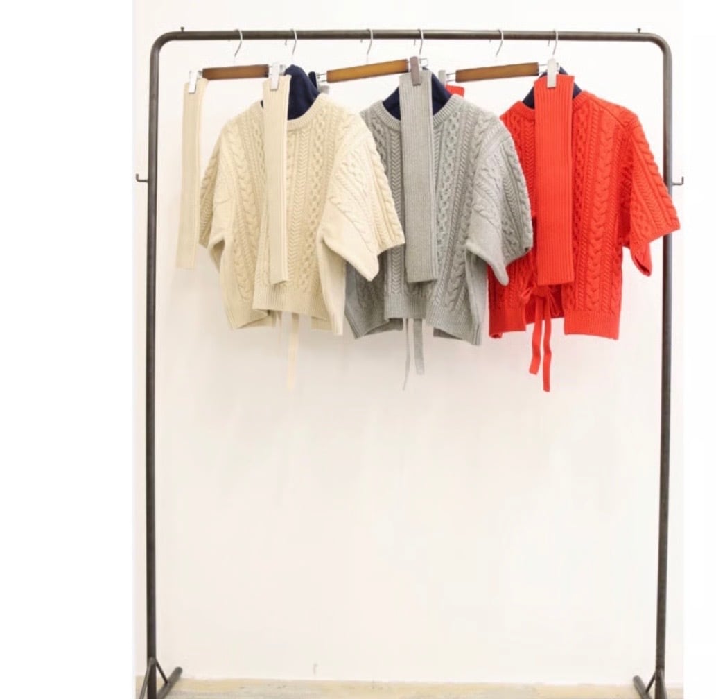太めのお袖にショート丈の身頃は丸みのある、シルエット。後ろ裾はアーチ型に開きがあり、リボンのアクセント。同素材のアームウォーマーはサムホールあり、リブ編みですっきりと、全体にバランスの良いサイジングです。
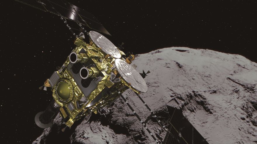 El aterrizaje del Hayabusa2 llega tras recorrer 3.200 millones de kilómetros alrededor del Sol en una órbita elíptica durante más de tres años, y después de alcanzar el asteroide el pasado junio y de permanecer suspendido desde entonces a unos 20 kilómetros de su superficie.
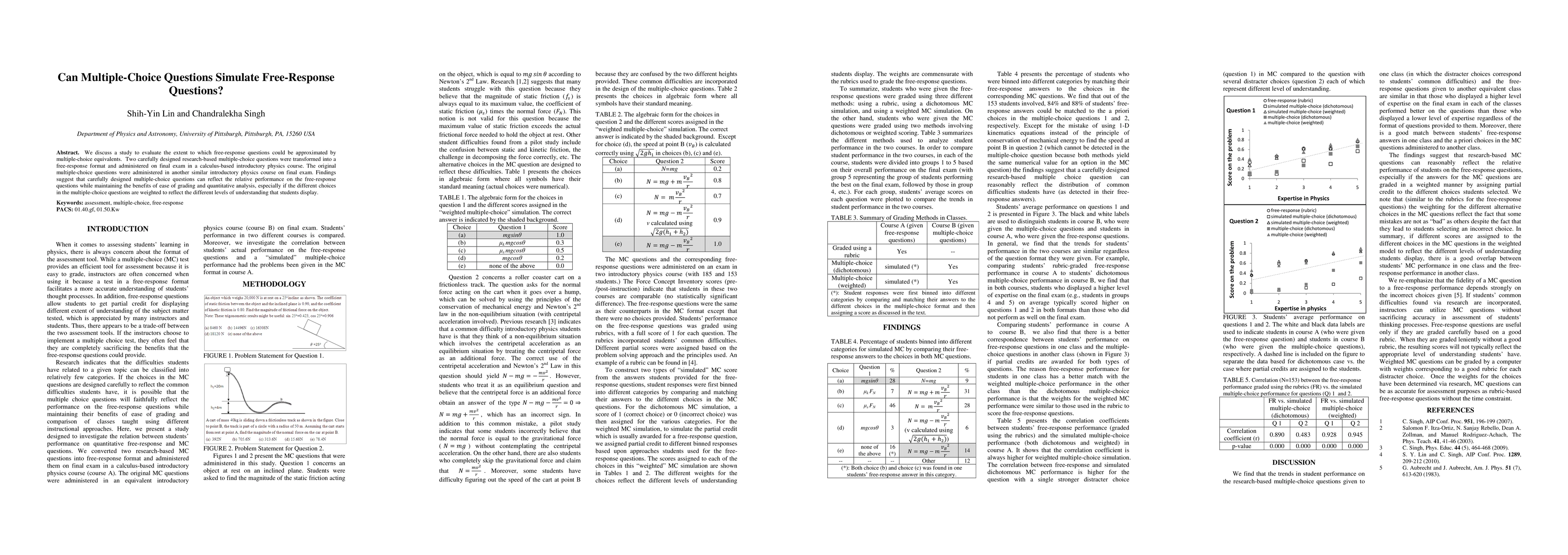 This study evaluates if multiple-choice questions can simulate free-response questions, finding that well-designed multiple-choice questions can reflect student performance similarly to free-response questions, while offering easier grading and quantitative analysis, especially with weighted choices.
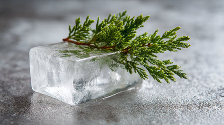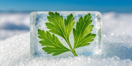 Herbs preserved within crystal-clear ice glisten under the gentle winter sun on snowy ground.
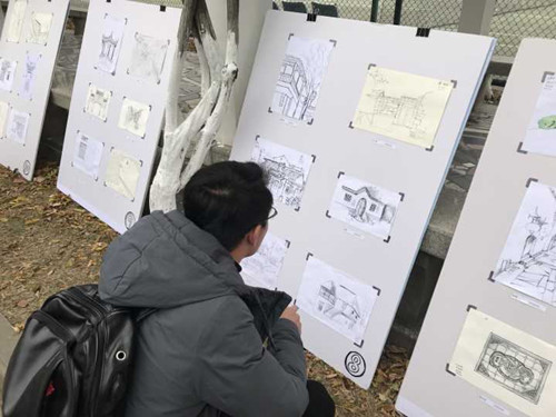 11月28日,我院艺建系于紫藤长廊举办了2016级环境艺术设计专业《建筑环境测绘写生》汇报展。展览吸引了众多观展嘉宾:学院领导、教师、学生及在我院参加培训的社会人士。本次展览共展出作品60幅,作品惟妙惟肖,给人强烈的艺术感染力:大家观展无不拿出手机拍照留存。
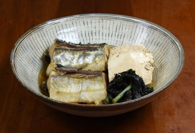 オキザヨリの酒塩煮 大型を使うといい。二枚に下ろして骨つきの方を切り身にして湯通しする。冷水に落として残った鱗やぬめりを流す。これを酒、塩の味つけで煮たもの。味つけはこってりでもいい。煮ても身は硬くならず、適度にほぐれやすい。小骨などもなくとてもうまい。クリックで閉じますオキザヨリの酒塩煮
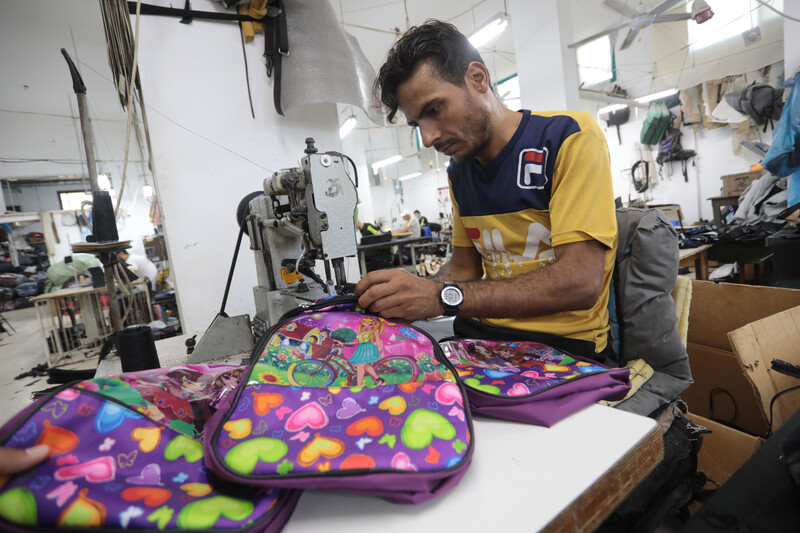 A Palestinian worker sews backpacks before the start of the new school year at a factory in Deir al-Balah, central Gaza Strip, on 15 August.
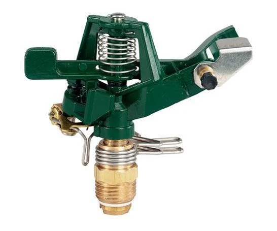 The 1/2 In. Impact Sprinkler Head is constructed of zinc designed to water up to an 80 Ft. diameter. The easily adjustable spray nozzle can be modified from a partial to full circle. The 1/2 In. Impact Sprinkler Head also features a deflector shield and anti-backsplash arm to aid in spray pattern and area coverage.
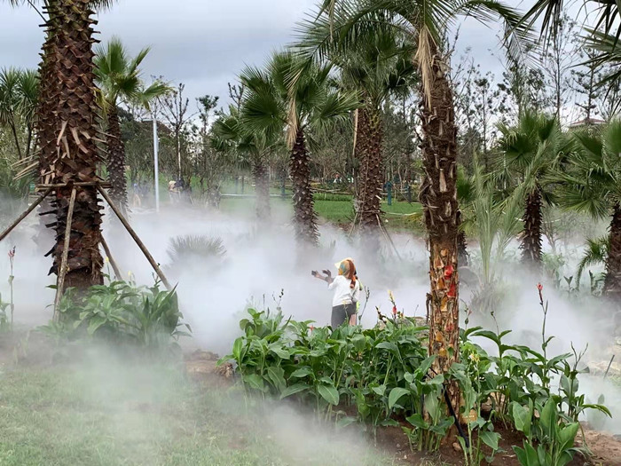 河岸绿色发展项目始终秉持人与自然和谐共生的设计理念,在设计之初就充分考虑埃塞当地自然情况,规划出15.08万平方米园林,打造天然户外氧吧。园林内有80余种植物,包括花卉绿植上百万棵、南洋杉等40余种当地珍稀树种5600棵。在建设期间,由于埃塞缺少专业绿化苗木公司,如何在有限的工期内解决绿植来源成为项目面临的棘手问题。

Task goal:
From the first line of the entries above down to the line holding "This study evaluates", quote each line exactly and nothing else, skipping pictures.

Solution:
太めのお袖にショート丈の身頃は丸みのある、シルエット。後ろ裾はアーチ型に開きがあり、リボンのアクセント。同素材のアームウォーマーはサムホールあり、リブ編みですっきりと、全体にバランスの良いサイジングです。
 El aterrizaje del Hayabusa2 llega tras recorrer 3.200 millones de kilómetros alrededor del Sol en una órbita elíptica durante más de tres años, y después de alcanzar el asteroide el pasado junio y de permanecer suspendido desde entonces a unos 20 kilómetros de su superficie.
 This study evaluates if multiple-choice questions can simulate free-response questions, finding that well-designed multiple-choice questions can reflect student performance similarly to free-response questions, while offering easier grading and quantitative analysis, especially with weighted choices.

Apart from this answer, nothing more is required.